What happens when a region-based object is passed to another goroutine?

func myFunc(buf []byte, fn handleFunc) (err error) {
	region.Do(func() {
		data := new(MyBigComplexProto)
		if err = proto.Unmarshal(buf, data); err != nil {
			return
		}
		go process(data) // data passed to another goroutine
	})
	return
}

Thanks

1 reply

Merovius Nov 10, 2024

From other replies in this thread:

Because there is a cost and it is likely not worth it, in all cases. In particular, this would be basically equivalent to the "Request Oriented Collector" tried out a few years back, which sped up some programs, but slowed down other and was not a clear win.
Regions are stack-specific, so AIUI in your example fn is actually inside the region. If fn escapes data (e.g. by writing it to a global variable), then the underlying array of data would be marked as faded and not collected with the rest of the memory in the region.
Same.

glycerine · 2024-11-10T05:04:24Z

glycerine
Nov 10, 2024

Thanks for working on this. It sounds fantastic.

Allowing regions to span goroutines dramatically complicates their implementation, enough that it may not actually be a profitable feature anymore.

This comment (above) helps my mental picture of how regions would work.

Question: As I potential user of regions, one question in my mind is: do I need to concern myself with the (region or heap) origin of the memory (a pointer to struct of some kind) that I send on a channel? Is there an efficiency difference if something is coming from a region because it needs to be copied to the garbage collected "region" so to speak?

Comment: a nice side effect of any design would be to enable users to experiment readily with memory allocation strategies, to find those most appropriate for their code. I wrote an off-heap hash table for my Go code about 10 years ago, and the main pain-point in use was that I had to serialize and deserialize everything manually to move objects between the heap and the manually managed memory ( https://github.com/glycerine/offheap ). Ideally I imagine that region use could be like the net/http package having a default mux: Having region.Do() and region.Ignore() operate on a default memory manager, but a specific instance could also be instantiated and tweaked. I could then call Do() on my specific instance to get allocations to (in my example) my own previously malloc-ed region of memory that is off heap; writing into my hash table there; ideally without having to manually do the serialization, nor having to chase pointers to child objects to get transitively completely self-contained objects.

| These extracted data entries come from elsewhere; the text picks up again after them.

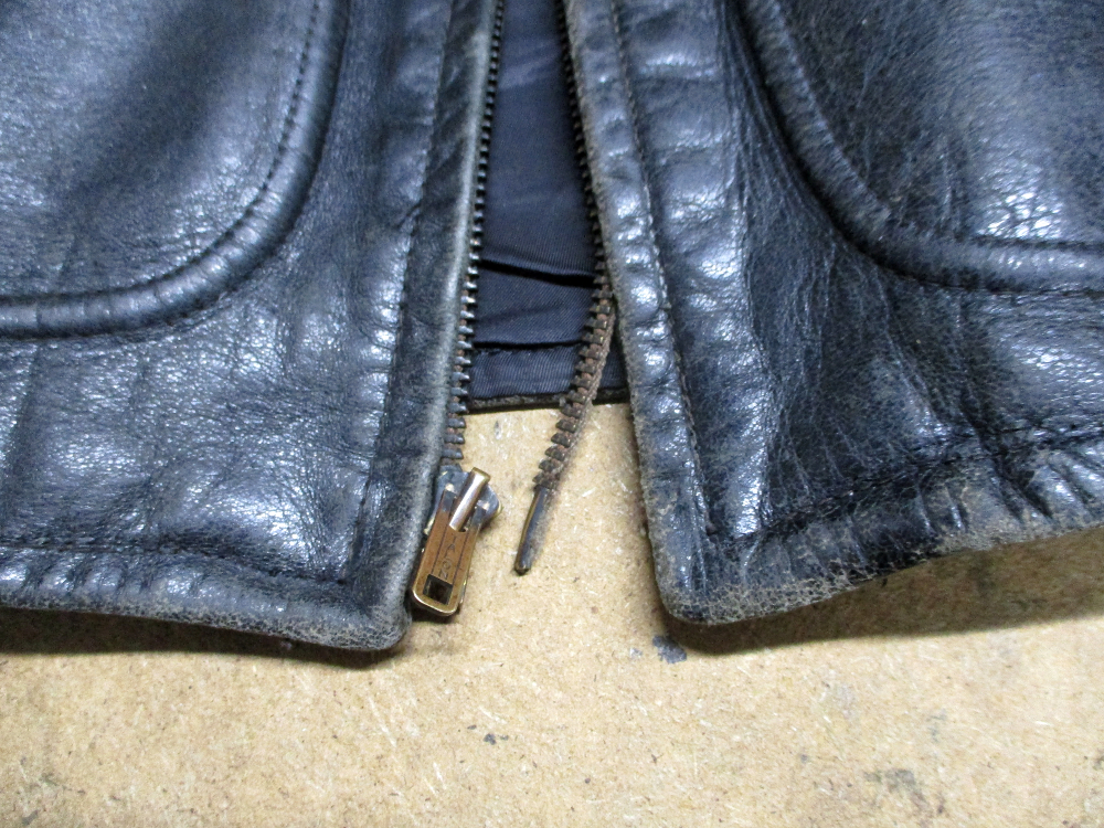 1枚目は三重県からの洋右層のお客さんのフロントのファスナーが壊れたレザージャケットです。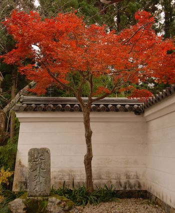 百人一首編纂の地、小倉山の麓にあり、秋の境内は赤やオレンジ色の紅葉でいっぱいになり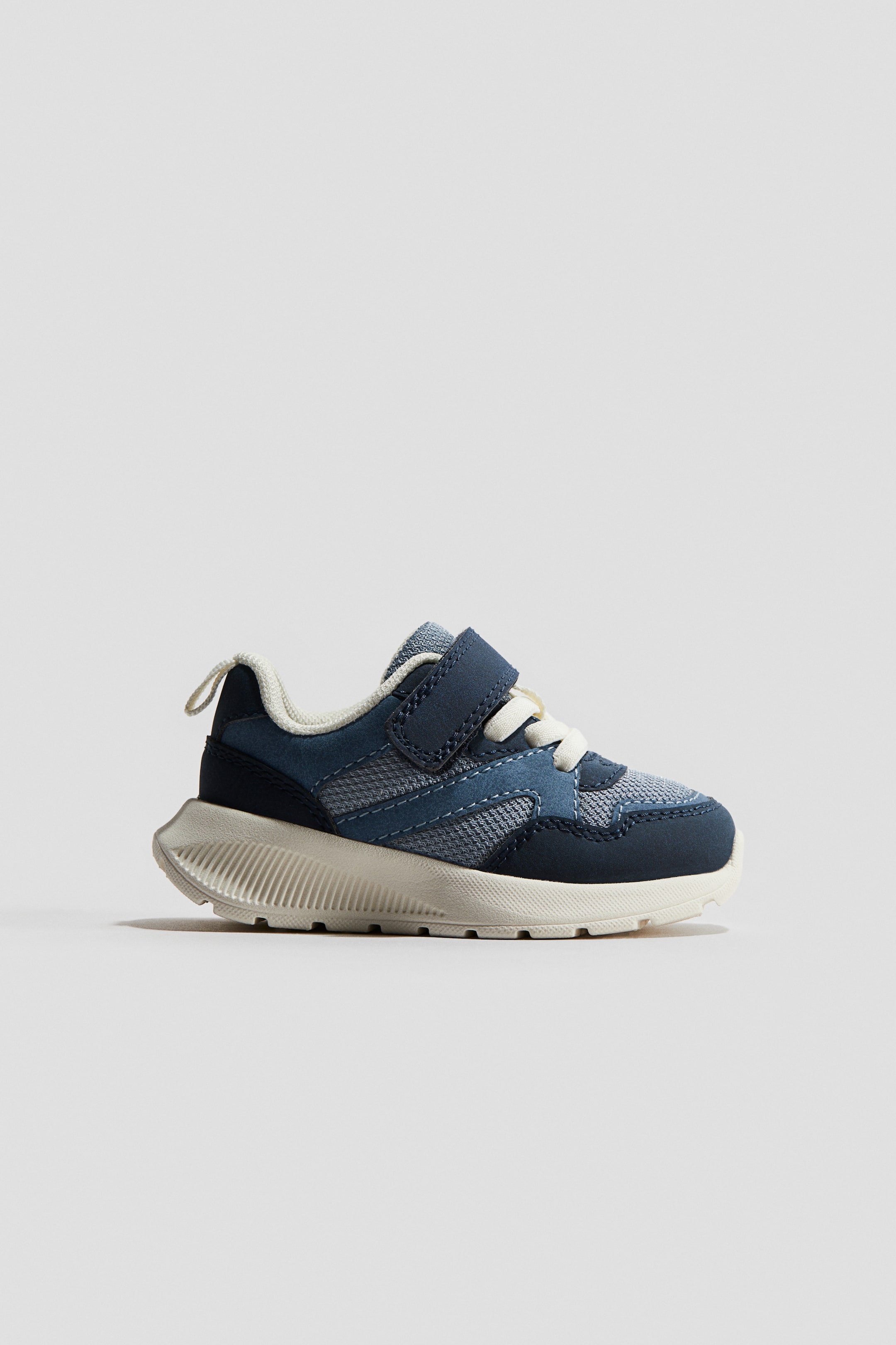 Color-block sneakers in soft mesh with details in napped fabric. Lightly padded edge and tongue, elasticized lacing at front with hook-loop tab at top, and a grosgrain loop at back. Lining in piqué, insoles in technical foam for added comfort, and patterned soles.

Beside the off-heap hash table, a second use case for user-customization would be when running in WASM code on a web-worker thread, and wanting to pass memory to a WasmGC implementation for other components to use. Go compiled to Wasm is probably never going to be able to use WasmGC's moving collector, because it is moving and lacks support for interior pointers, but we might well want to be able to inter-operate with other languages that do.

1 reply

ianlancetaylor Nov 11, 2024
Maintainer

In this proposal nothing gets copied into a region. Objects are allocated in a region, or they are not. Once they are allocated, they do not move.

When receiving an object on a channel, you don't need to worry about where it was allocated, except that 1) if it was allocated in a region, it will escape that region, so maybe don't do that; 2) I am ignoring NUMA issues.

andrewbaptist · 2024-11-11T20:30:14Z

andrewbaptist
Nov 11, 2024

Thank you for the work on this! I'm excited to see this completed.

Regarding the concern in the design related to allowing regions to cover multiple goroutines, this might dovetail really well with a structured/scoped concurrency approaches like https://github.com/sourcegraph/conc. If the lifetime of a goroutine is entirely within a region.Do, then the API issue because tractable. Unfortunately that project hasn't had much activity lately.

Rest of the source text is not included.